Don’t initialize WebRTC unless you need it

Just creating an RTCPeerConnection triggers IP enumeration. If your app doesn’t use real-time peer communication, don’t import or initialize the API.

Use TURN-only mode for peer connections

For WebRTC apps that need to work but want to minimize IP exposure, force traffic through a TURN relay server — the destination peer only sees the TURN server’s IP. You can configure this with iceTransportPolicy: 'relay'.

const pc = new RTCPeerConnection({
    iceServers: [{ urls: 'turn:turn.example.com', username: 'x', credential: 'y' }],
    iceTransportPolicy: 'relay'
})

Performance is slightly worse (relay adds a hop), but the user’s IP is shielded.

Don’t surface ICE candidates to third parties

If your real-time app passes ICE candidates through a signaling server, the signaling server (and anyone with access to it) sees user IPs.

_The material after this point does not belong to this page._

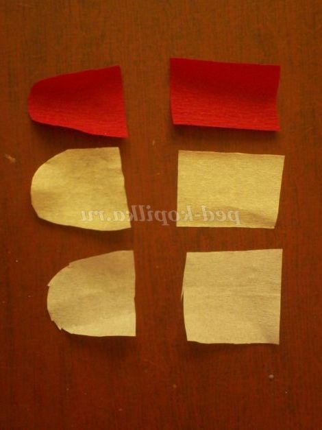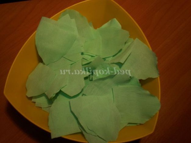 Поки застигає наша глина, готуємо квіти. Технологій виготовлення квітів з гофрованого паперу дуже багато. Я зупинилася на одному. На наш топіари знадобиться приблизно 100 штук, дивлячись, якого розміру будуть ваші троянди, чим більше троянда тим менше їх потрібно.

Architect the signaling layer with appropriate access controls.

Should You Care?

For most application developers, the practical question is: do you exploit the WebRTC leak for fraud detection, or do you not use it at all?

The arguments for using it:

  • Strong fraud signal. Mismatched WebRTC and HTTP IPs are a reliable proxy/VPN indicator.
  • Hard to spoof. WebRTC runs in the user’s browser, not in headers — automation tools have to do extra work to fake it.
  • Browser-supported. No special permissions needed for the public-IP component.

The arguments against:

  • Privacy implications. You’re extracting data the user didn’t consciously share.
  • Detection ethics. Many users use VPNs for legitimate privacy reasons; using WebRTC to defeat their privacy is a strong choice.
  • GDPR exposure. Under GDPR, IP addresses are personal data; WebRTC-fingerprinting users without disclosure could be a legal issue.

A middle path: use WebRTC-derived IP only for high-stakes anti-fraud (large purchases, account creation under specific risk scores) where the benefit outweighs the privacy cost, and disclose it in your privacy policy.

WebRTC vs HTTP IP: A Summary

SourceWhat you seeReliabilitySpoofable?
HTTP IP (req.ip)The connection’s source — VPN if usedVery reliableNo (without VPN)
X-Forwarded-ForWhat proxies reportTrustworthy only behind controlled proxiesYes (open)
WebRTC public IPReal IP if VPN doesn’t tunnel UDPHigh when presentDifficult
Geolocation lookupApproximate locationHigh at country levelIndirect (via VPN)

For high-confidence fraud detection, combine all four. The HTTP IP gives you the connection-layer view; WebRTC IP can reveal a VPN; geolocation gives geographic context.

The Ip2Geo API returns the rich geo, ASN, and network-classification data on top of whichever IP you submit — you can run the same lookup on both the HTTP IP and the WebRTC IP and compare results.

TL;DR

  • WebRTC leaks the user’s IP to JavaScript on the page, including (sometimes) the real IP behind a VPN.
  • Modern browsers hide the LAN IP by default but still expose the public IP.
  • VPNs that don’t tunnel UDP leak the real IP via STUN.
  • As a user, use a quality VPN, or disable WebRTC in your browser if you don’t need it.
  • As a developer, don’t initialize WebRTC unless you need it; use TURN-only mode if you do.
  • For fraud detection, comparing WebRTC IP against HTTP IP is a strong signal — but consider the privacy implications.
  • Under GDPR, treat WebRTC-derived IPs as personal data subject to the same rules as any other IP.

WebRTC is a powerful API that browsers couldn’t ship without exposing some IP information. The leak isn’t a bug; it’s a privacy trade-off built into how the protocol works. In 2026 the trade-off is better managed than a decade ago, but it’s still a trade-off — and one that matters whether you’re a user, a privacy-conscious developer, or a fraud team using every available signal.